# [Required work]
Return the full listing unchanged, excluding any images it contains.

# [Source material]
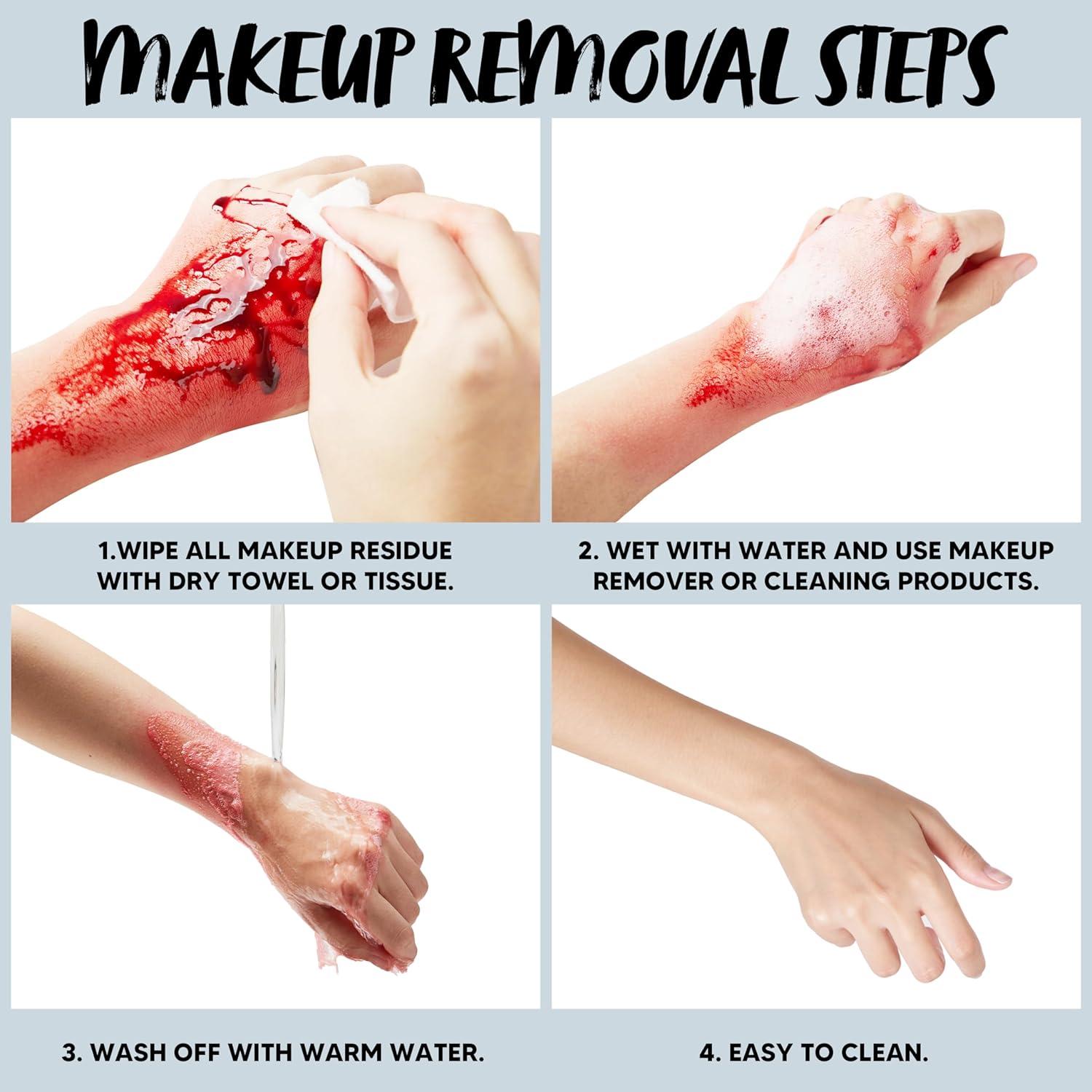 Easy To Use. With its smooth texture and convenient packaging, you can easily control blood volume for precise application. Whether you're creating cuts, splatters, or other haunting effects, this product lets you turn your Halloween spooky look into a standout. A patch test is recommended before use.
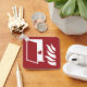 Puerta de protección contra incendios e icono de llama sobre fondo rojo. Texto personalizado en la parte posterior.
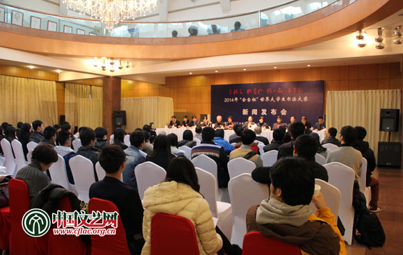 11月22日,由中国艺术教育促进会、世界自然保护联盟、北京怡苑文化艺术促进会主办,北京金台艺术馆承办的2014年“金台杯”世界大学生书法大赛新闻发布会在京举行。
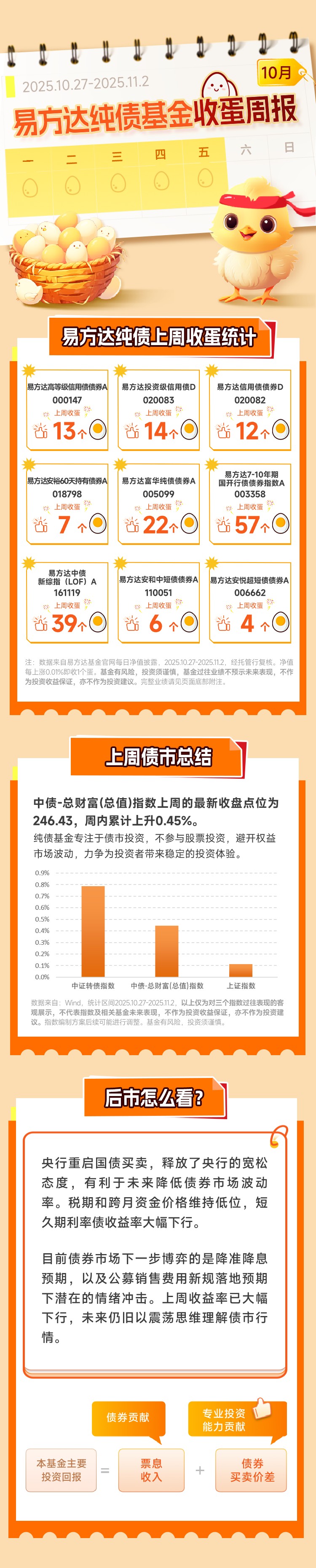 注:数据来自易方达基金官网每日净值披露,2025.10.27-2025.11.2,经托管行复核。净值每上涨0.01%即收1个蛋。基金有风险,投资须谨慎,基金过往业绩不预示未来表现,不作为投资收益保证,亦不作为投资建议。完整业绩请见页面底部附注。

# [Exercise solution]
 Easy To Use. With its smooth texture and convenient packaging, you can easily control blood volume for precise application. Whether you're creating cuts, splatters, or other haunting effects, this product lets you turn your Halloween spooky look into a standout. A patch test is recommended before use.
 Puerta de protección contra incendios e icono de llama sobre fondo rojo. Texto personalizado en la parte posterior.
 11月22日,由中国艺术教育促进会、世界自然保护联盟、北京怡苑文化艺术促进会主办,北京金台艺术馆承办的2014年“金台杯”世界大学生书法大赛新闻发布会在京举行。
 注:数据来自易方达基金官网每日净值披露,2025.10.27-2025.11.2,经托管行复核。净值每上涨0.01%即收1个蛋。基金有风险,投资须谨慎,基金过往业绩不预示未来表现,不作为投资收益保证,亦不作为投资建议。完整业绩请见页面底部附注。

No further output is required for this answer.